- Brent Swanner, Kenneth Swanner, Landon Thompson

Background information
- Origin: Louisiana
- Genres: CCM, southern gospel, adult contemporary
- Occupations: Singers, musicians
- Years active: 1995 - 2012
- Labels: SonSound, SonSound Masterpiece, Chapel
- Past members: Brent Swanner Kenneth Swanner Landon Thompson Daniel Steele Philip Bergeron Nathan Thompson

= Testify (Christian band) =

American band

Testify was a Southern Gospel/Contemporary Christian vocal band founded by two brothers, Kenneth Swanner and Brent Swanner in 1995. The band performed at the Southern Baptist Convention, multiple State Baptist Conventions, Gaither Homecoming Concerts, Chick-fil-a Corporate Headquarters, Theaters in Branson, at TBN, the Grand Ole Opry, GMT and in Nashville for a concert at Lifeway Christian Resource Center of the Southern Baptist Convention. In October 2001 Testify performed at the Roy Acuff Theater for the "Heal Our Land Benefit Concert" for the victims of 9/11.

== History ==
Brent and Kenneth Swanner grew up in a musical family and started singing at an early age. Both were heavily involved in their church and school music programs. Out of college, Kenneth joined The Continental Singers and toured several years all over the world. Meanwhile, while Brent was performing in a school musical, he was discovered by Waine Self, founder of the Southern Gospel group, Higher Kingdom In 1994, Brent and Kenneth collaborated at a Youth Evangelism Conference and "Testify" was born. Brent and Kenneth officially formed "Testify" in February 1995. After months of concerts with just the two of them they added an old college buddy, Daniel Steele to sing the baritone. They recorded an Independent, Self Titled album at a local studio in 1995. In 1996 Testify won The Albert E Brumley Memorial Gospel Singing Contest in Springdale, AR. A year later Daniel Steele moved to bass and Philip Bergeron took over the baritone. In the meantime, Testify signed with Son Sound Music Group and recorded, Testify Self Titled, produced by Danny Funderburk of The Cathedral Quartet fame. Testify then released their first single ever, "Jesus Left Heaven for Me" and garnered major radio play and some chart success. In 1997, Son Sound Music Group promoted Testify to their major label, Son Sound Masterpiece and Testify recorded Ready to Serve, produced by Danny Funderburk and Lari Goss.

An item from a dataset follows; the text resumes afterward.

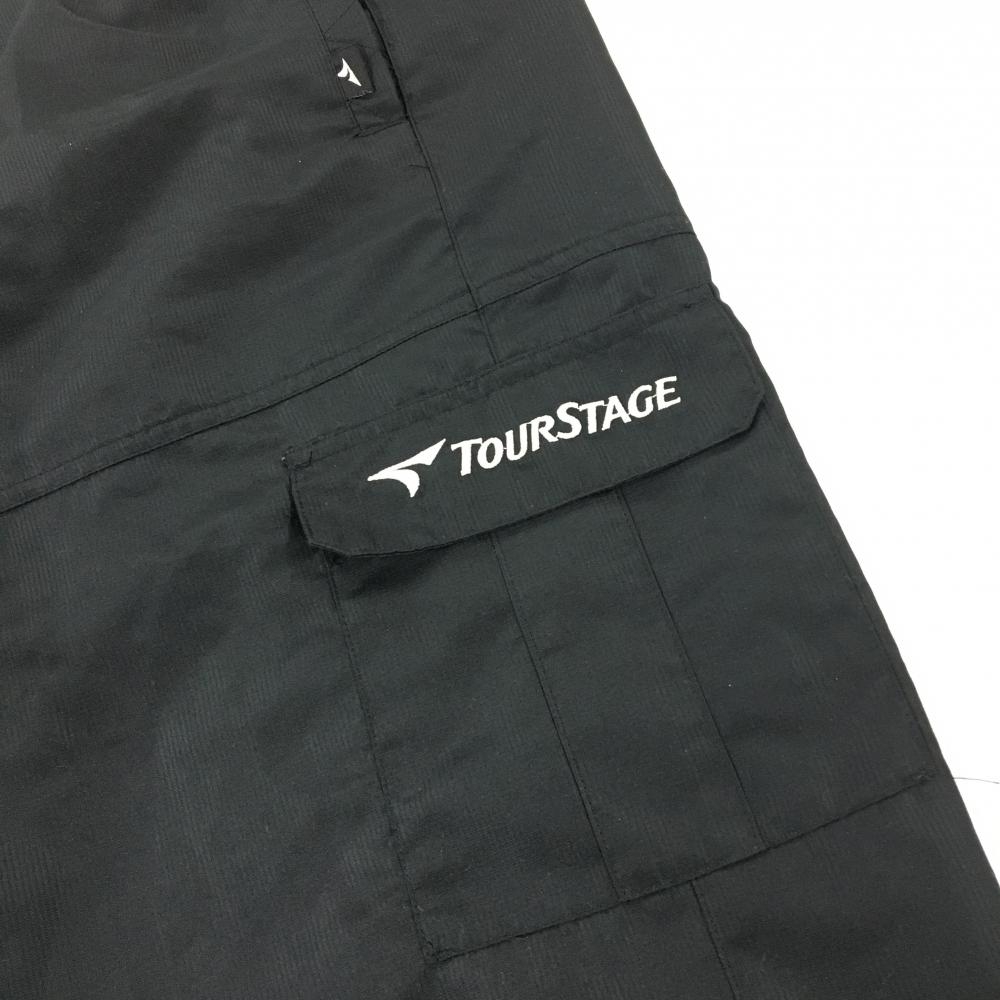 【美品】ツアーステージ ハーフパンツ 黒×白 地模様 ロゴ刺しゅう 複数ポケット 裏地メッシュ メンズ LL ゴルフウェア TOURSTAGE

In 1999, Landon Thompson joined the group and Testify began working with Grammy Award nominee and Dove Award winning producer, Michael Sykes. Michael produced two recordings for Testify. They are called, Something Worth Living For and Keep Walking. Something Worth Living For included Testify's first ever Top 40 song, "He's Still Keeping Me". Testify and Michael Sykes second collaboration, Keep Walking, produced Testify's first Top 10 single, "Doubter To A Shouter".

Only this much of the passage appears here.